▸ WHAT TO DO: Write out each record exactly as it stands. No pictures belong in the copy.

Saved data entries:

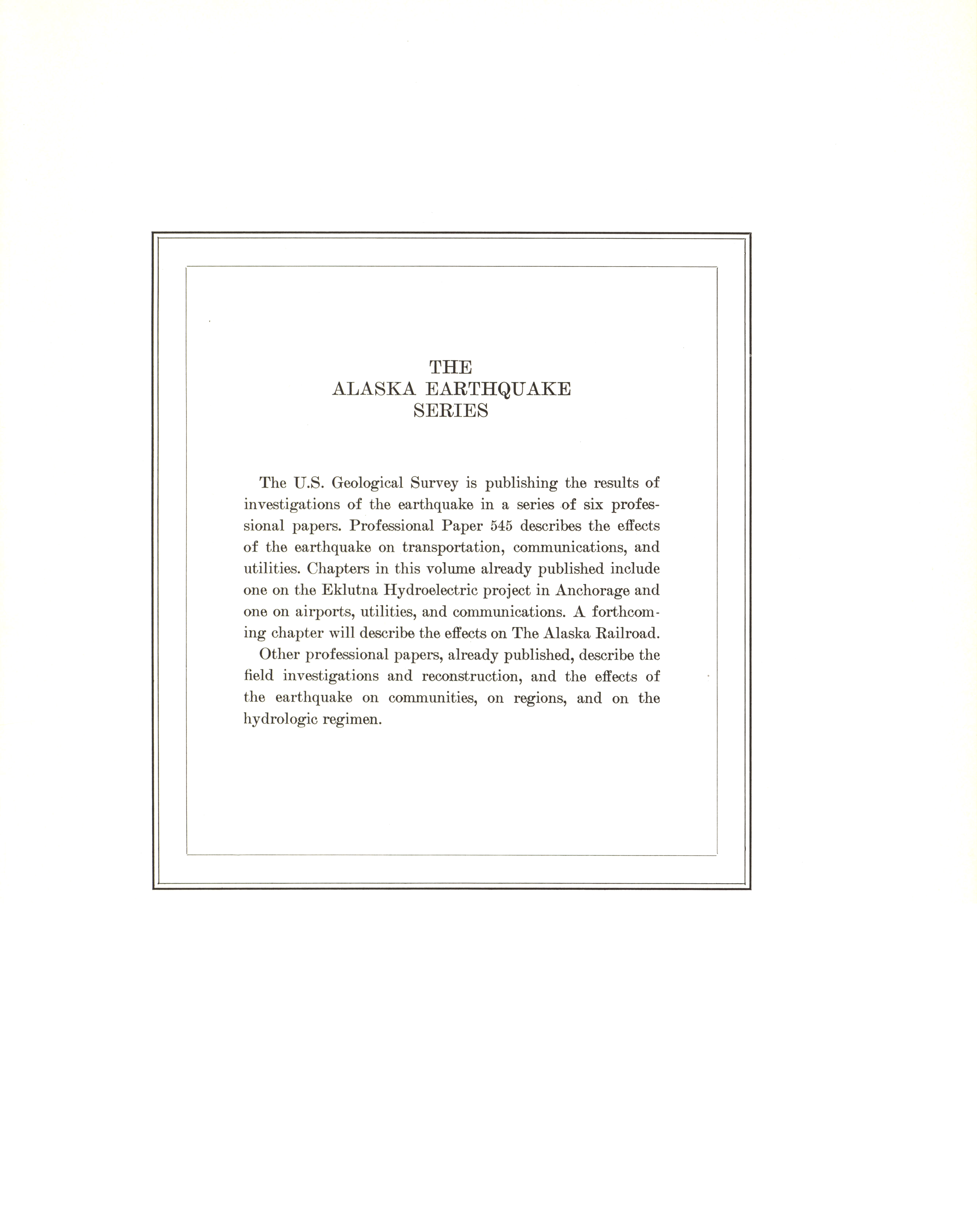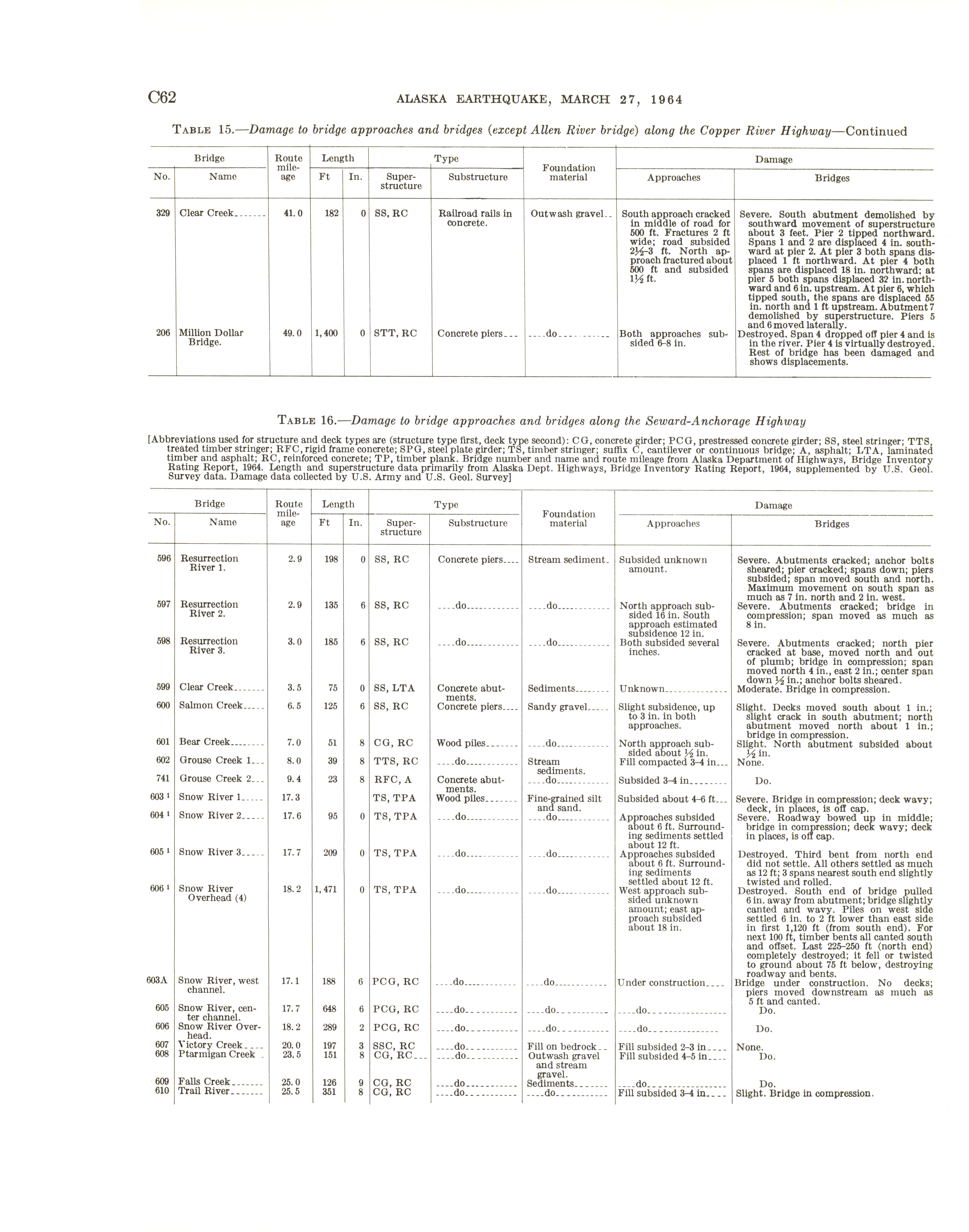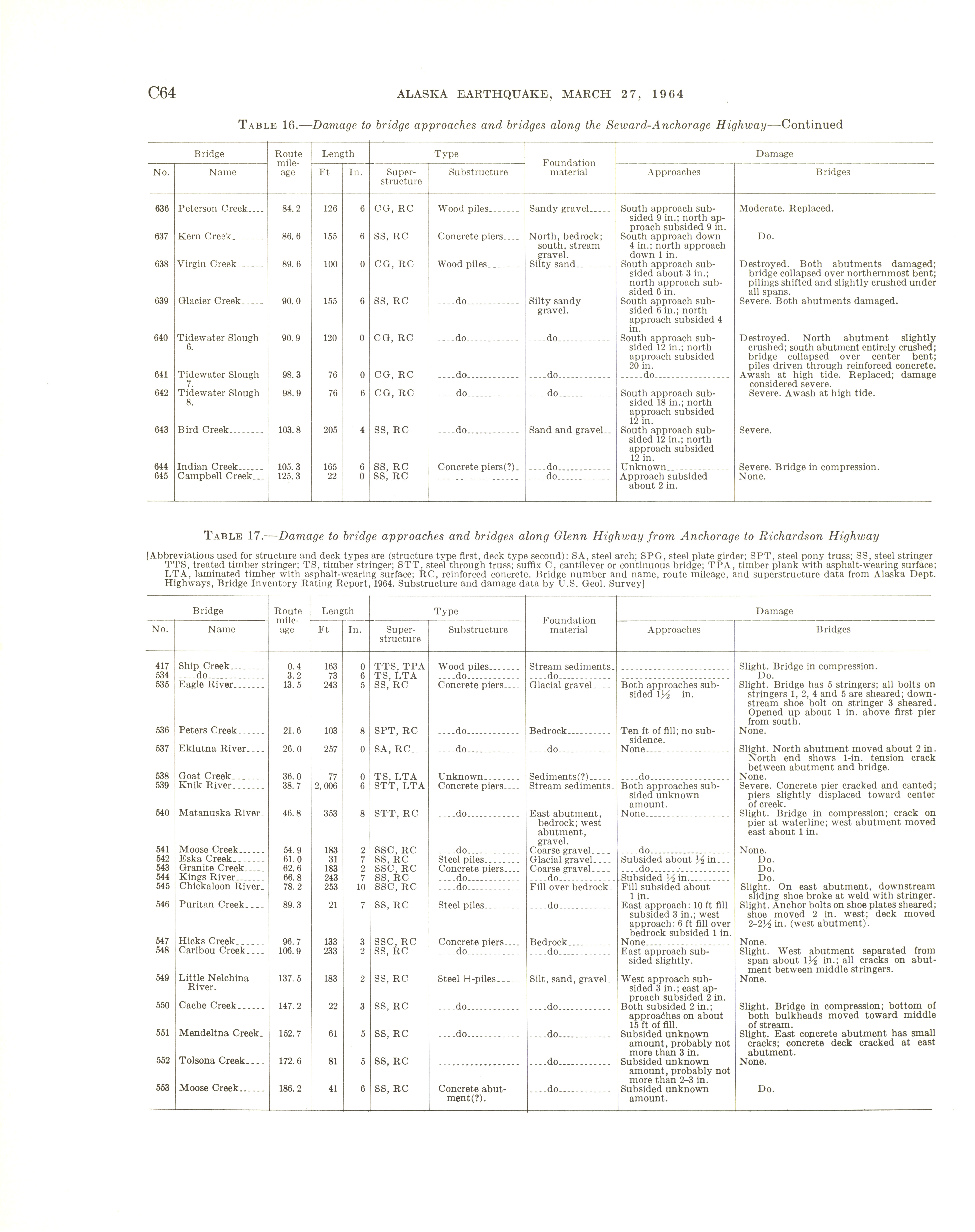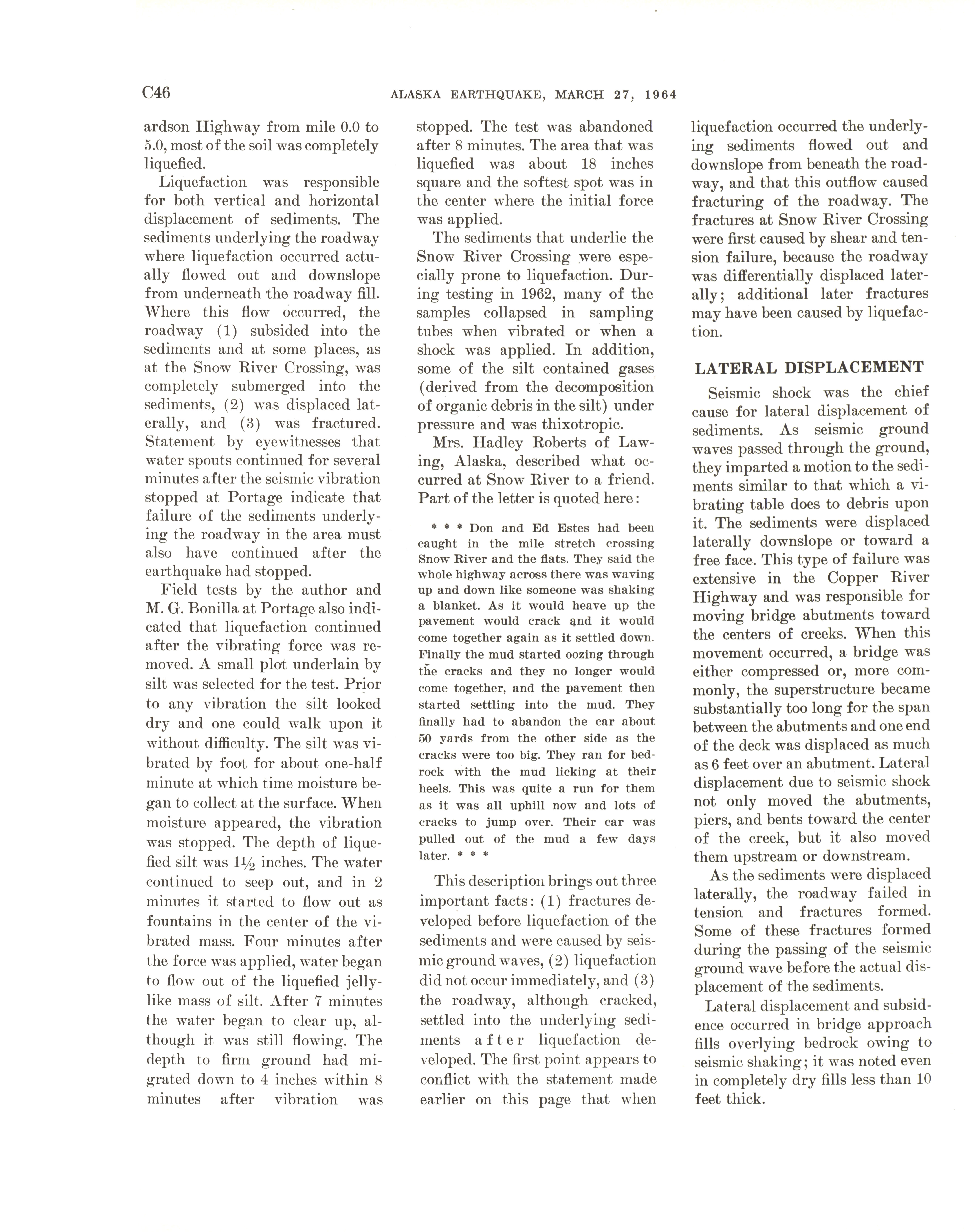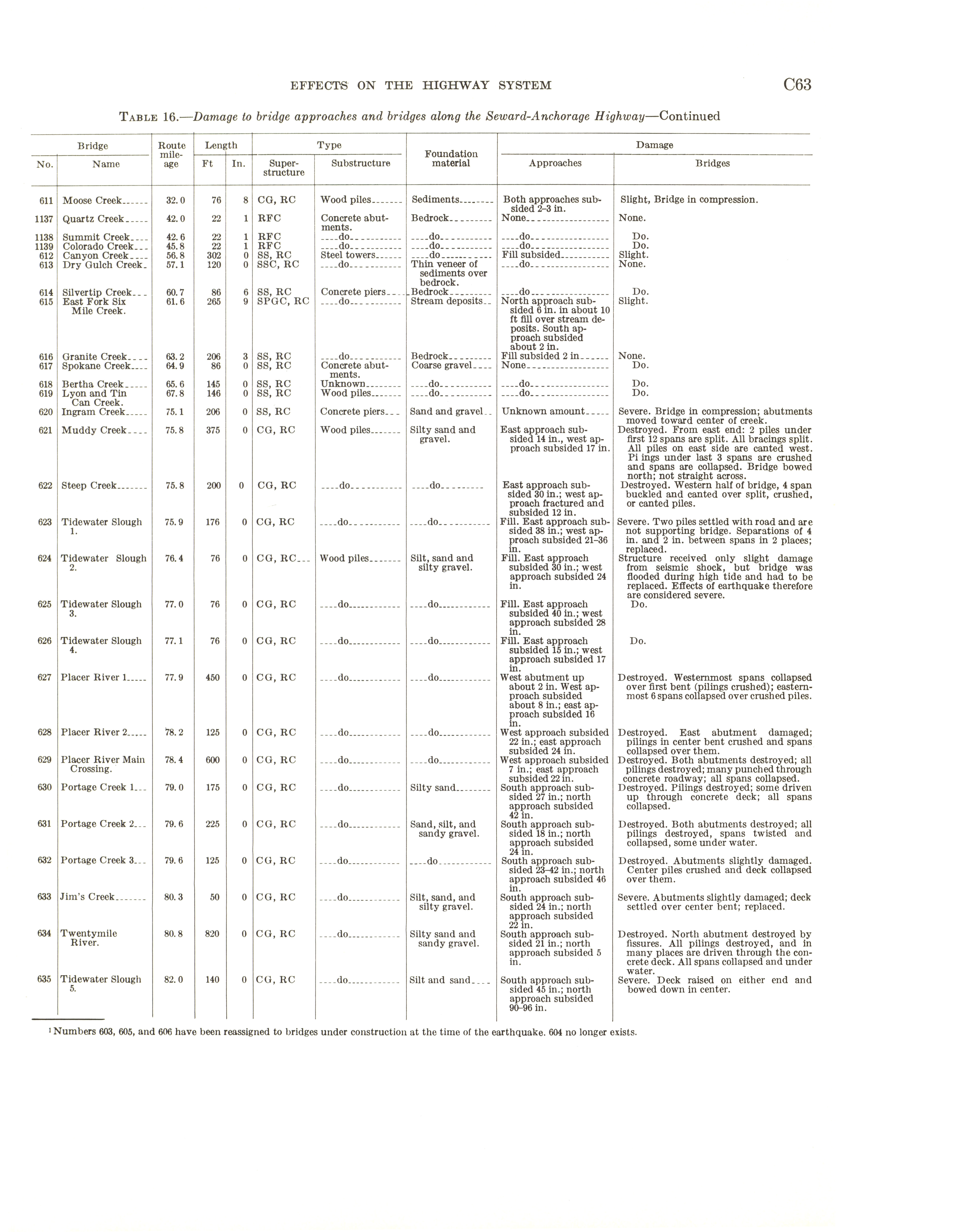- "The Alaska earthquake, March 27, 1964: effects on transportation and utilities. The highway system", Dwight Ink Collection, Iowa State University Library Digital Collections
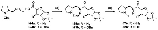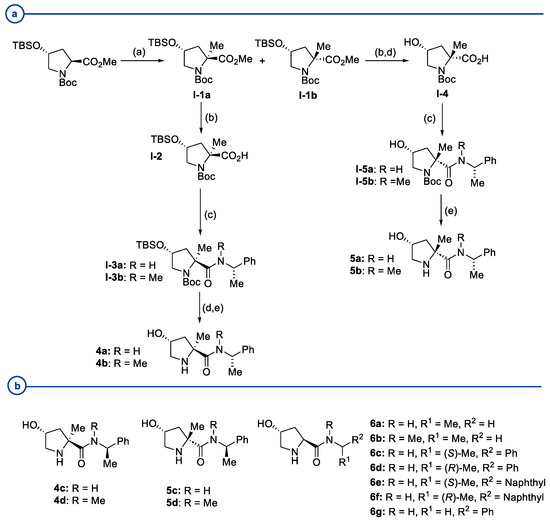 (a) Synthesis of 4-hydroxyprolinamides 4a,b and 5a,b. Reagents and conditions: (a) (i) LiHMDS, THF, −20 °C; 1.5 h; (ii) CH3I, THF, 18 h, −20 °C to rt; I-1a: 48%, I-1b: 26%; (b) NaOH in MeOH/H2O (1:1), reflux, 5 h; I-2: 48%, I-4′: 76%, (c) for I-3a and I-5a: (S)-1-Phenylethylamine, HATU, DIPEA, DMF, rt, 4 h; I-3a: 42%, I-5a: 50%; for I-3b and I-5b: (S)-N,α-dimethylbenzylamine HATU, DIPEA, DMF, rt, 4 h; I-3b: 33%, I-5b: 31%; (d) TBAF (1M), THF, 0° C, 5 h; I-3a’: 92%, I-3b’: 98%, I-4: quantitative (e) 50% TFA/DCM, rt, 16 h., 4a: 28%, 4b: 23%, 4c: 27%, 4d: 24%. (b) Other hydroxyprolinamide catalysts obtained by Kelleher and co-workers.
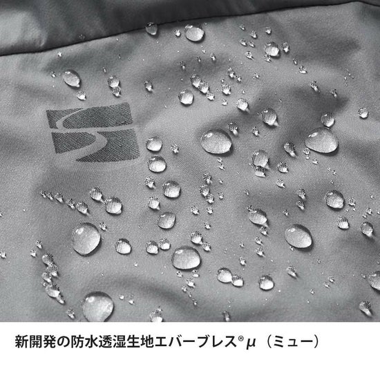 独自開発の防水透湿生地「エバーブレス®ミュー」を採用、その極薄無孔質メンブレンは、従来のエバーブレス®メンブレンと比べ約1/3の薄さを誇ります。無孔質ながら水で膨潤しにくく、速乾性と透湿性に優れるため、発汗の多い場面でも蒸れを感じにくく快適が持続。秋~冬はもちろん、春~初夏など汗をかくシーズンも使いやすい。
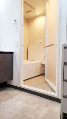 ドキドキしながら目を開けると、そこはショールームの空間✨もう胸がいっぱいで言葉にならず涙が止まりませんでした…。 明るく温かみのある色合いのピカピカのお風呂は癒しの空間。お風呂の床と洗面所のクッションフロアのタイルの大きさが偶然合っていたのも嬉しい発見でした。 素敵なお風呂と出っ張りが無く格段に広くなった洗面所は想像を遥かに超えた空間になりました。当分の間は入室する毎にウットリして時間を忘れてしまいそうです。本当にありがとうございます。
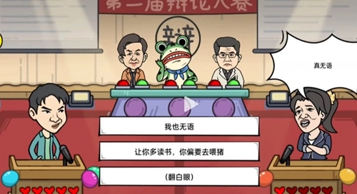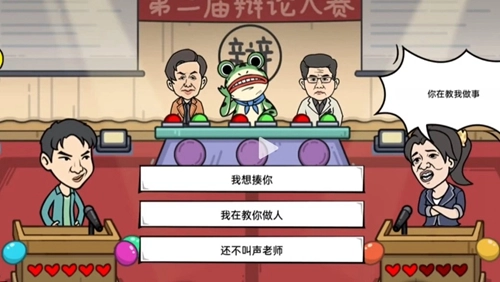 1、玩家进入关卡后,需根据关卡内容选择合适的话语回怼对方,且必须成功怼赢对方。
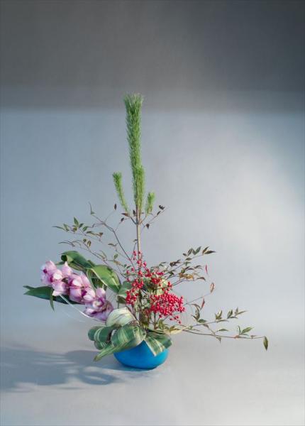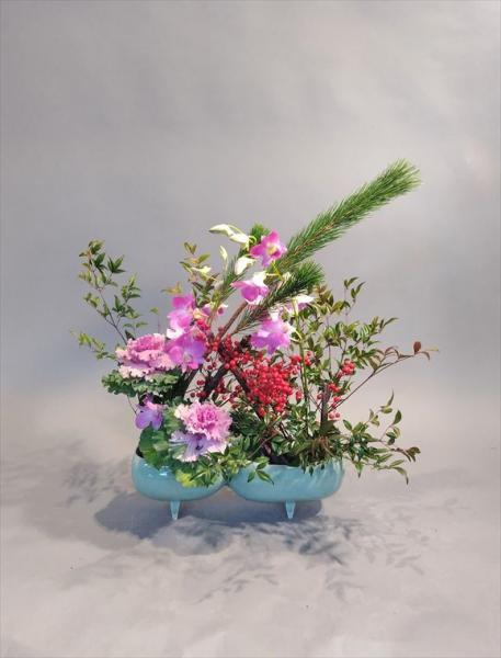 迎春の華 若松、南天、葉牡丹、デンファレ
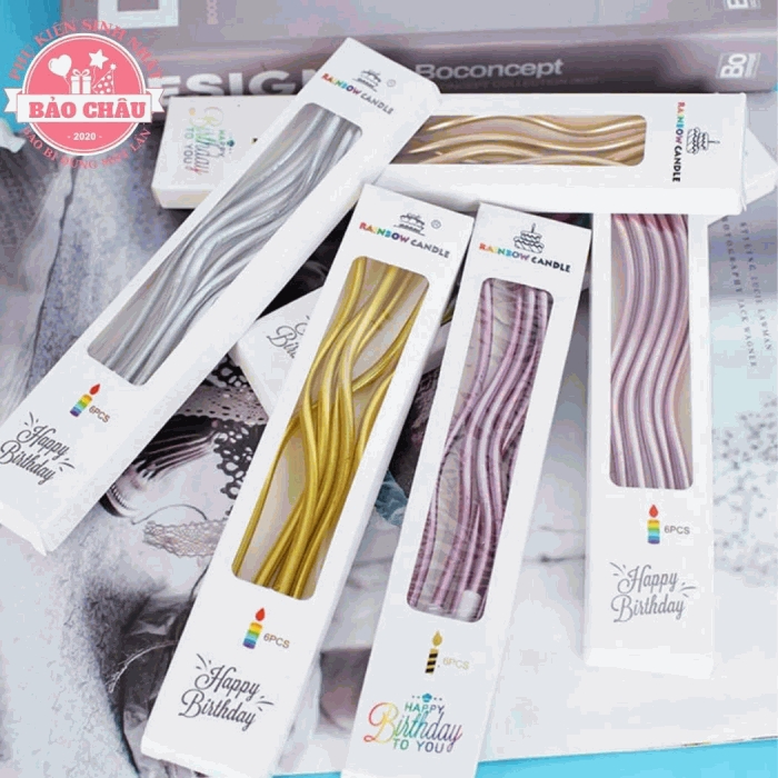 Đồ trang trí bánh kem_VỈ 6 NẾN SÓNG DÀI CAO CẤP

▸ RESULT OF THE EXERCISE:
- "The Alaska earthquake, March 27, 1964: effects on transportation and utilities. The highway system", Dwight Ink Collection, Iowa State University Library Digital Collections
 (a) Synthesis of 4-hydroxyprolinamides 4a,b and 5a,b. Reagents and conditions: (a) (i) LiHMDS, THF, −20 °C; 1.5 h; (ii) CH3I, THF, 18 h, −20 °C to rt; I-1a: 48%, I-1b: 26%; (b) NaOH in MeOH/H2O (1:1), reflux, 5 h; I-2: 48%, I-4′: 76%, (c) for I-3a and I-5a: (S)-1-Phenylethylamine, HATU, DIPEA, DMF, rt, 4 h; I-3a: 42%, I-5a: 50%; for I-3b and I-5b: (S)-N,α-dimethylbenzylamine HATU, DIPEA, DMF, rt, 4 h; I-3b: 33%, I-5b: 31%; (d) TBAF (1M), THF, 0° C, 5 h; I-3a’: 92%, I-3b’: 98%, I-4: quantitative (e) 50% TFA/DCM, rt, 16 h., 4a: 28%, 4b: 23%, 4c: 27%, 4d: 24%. (b) Other hydroxyprolinamide catalysts obtained by Kelleher and co-workers.
 独自開発の防水透湿生地「エバーブレス®ミュー」を採用、その極薄無孔質メンブレンは、従来のエバーブレス®メンブレンと比べ約1/3の薄さを誇ります。無孔質ながら水で膨潤しにくく、速乾性と透湿性に優れるため、発汗の多い場面でも蒸れを感じにくく快適が持続。秋~冬はもちろん、春~初夏など汗をかくシーズンも使いやすい。
 ドキドキしながら目を開けると、そこはショールームの空間✨もう胸がいっぱいで言葉にならず涙が止まりませんでした…。 明るく温かみのある色合いのピカピカのお風呂は癒しの空間。お風呂の床と洗面所のクッションフロアのタイルの大きさが偶然合っていたのも嬉しい発見でした。 素敵なお風呂と出っ張りが無く格段に広くなった洗面所は想像を遥かに超えた空間になりました。当分の間は入室する毎にウットリして時間を忘れてしまいそうです。本当にありがとうございます。
 1、玩家进入关卡后,需根据关卡内容选择合适的话语回怼对方,且必须成功怼赢对方。
 迎春の華 若松、南天、葉牡丹、デンファレ
 Đồ trang trí bánh kem_VỈ 6 NẾN SÓNG DÀI CAO CẤP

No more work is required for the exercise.